I don't think that's going to happen like that, honestly. That would mean that a player could be devoured from startup by drawing Mythos Lore, or by the first drawn mythos card if it's A Dark Wind Covers Arkham. I could see that the penalty for going insane/unconscious would be to lose one maximum, in addition to the normal effects (whether or not you draw an injury/madness). I also believe that one will move the Deep one Rising track along (sort of like the DH herald). The other one might do the maximums thing.

But hey, we'll know soon right?

We reason that way because why else would he state that Cthulhu, specifically, would be the hardest Ancient One in concert with them? Cthulhu is not the hardest Ancient One, I think we would agree. Pretty harsh effect, but a long doom track and a hard, but winnable, final fight. How to make it worse? Further penalties.

I don't think they would be against getting someone devoured during setup... besides, your way wouldn't really be fun either.
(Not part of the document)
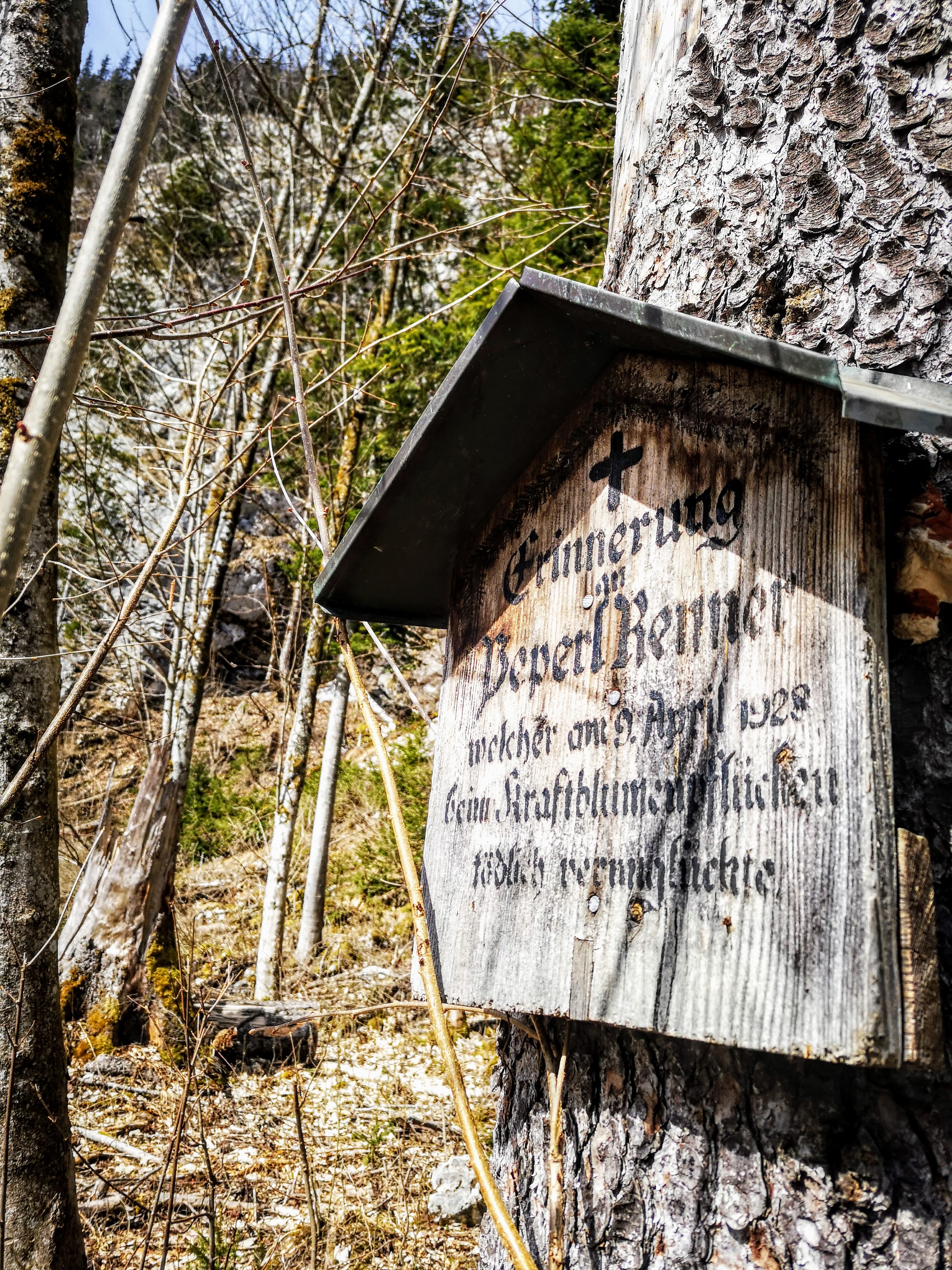 Alte Erinnerungen neben dem Steig, der schon damals mehr als eine Spur war. Manchmal besser, manchmal kaum mehr zu erkennen… Er führt parallel zur Weissen Wand, viel Totholz oder Baumbruch im ersten Teil – später ein schöner kleiner Waldweg! Dort liegt noch a bissl Schnee, man versinkt aber nur zw Knöchel- und Wadltief.

Poor Jack (or Mark, or Michael, or Tony) with Mythos Lore would almost certainly get devoured very quickly anyway - perhaps more merciful than always being insane, but perhaps not.

There's room on a herald card for more than one ability. If Hydra had "Each Investigator reduces their maximum Stamina by one." and Dagon had "Each Investigator reduces their maximum Sanity by one.", there's still plenty of room for Dagon to meddle with the Deep One Uprising Track and Hydra to do whatever fiendish things they see fit to allow. And you have an extremely hard game.

Well I'm just pitching ideas that they're more likely to be—I can't think of any great abilities (as a funny side note, before King in Yellow was released, I had a Dagon herald that lowered your maximum when you went unconscious/insane). I'm just saying that from a strict gameplay standpoint, I wouldn't expect the designers would allow "devoured during setup" to plausibly happen if at all possible, and lowering sanity and stamina maximums any more than they already are (not counting I/M penalties) will do that.

flamethrower49 said:

You know what a friend of mine proposed and I agree with about Dagon and Hydra? He said that each one decreases either maximum sanity or stamina. Which means, played together with Cthulhu, everybody is at -2 Sanity and Stamina.

God, I really hope it's not that. In the words of Eric Cartman, that would be super super lame. Just knocking stats off investigators is a pretty crude way of making the game more difficult.

Then again...either Dagon or Hydra would then be an interesting way of adding a bit more Cthuluey flavour to games against other AOs.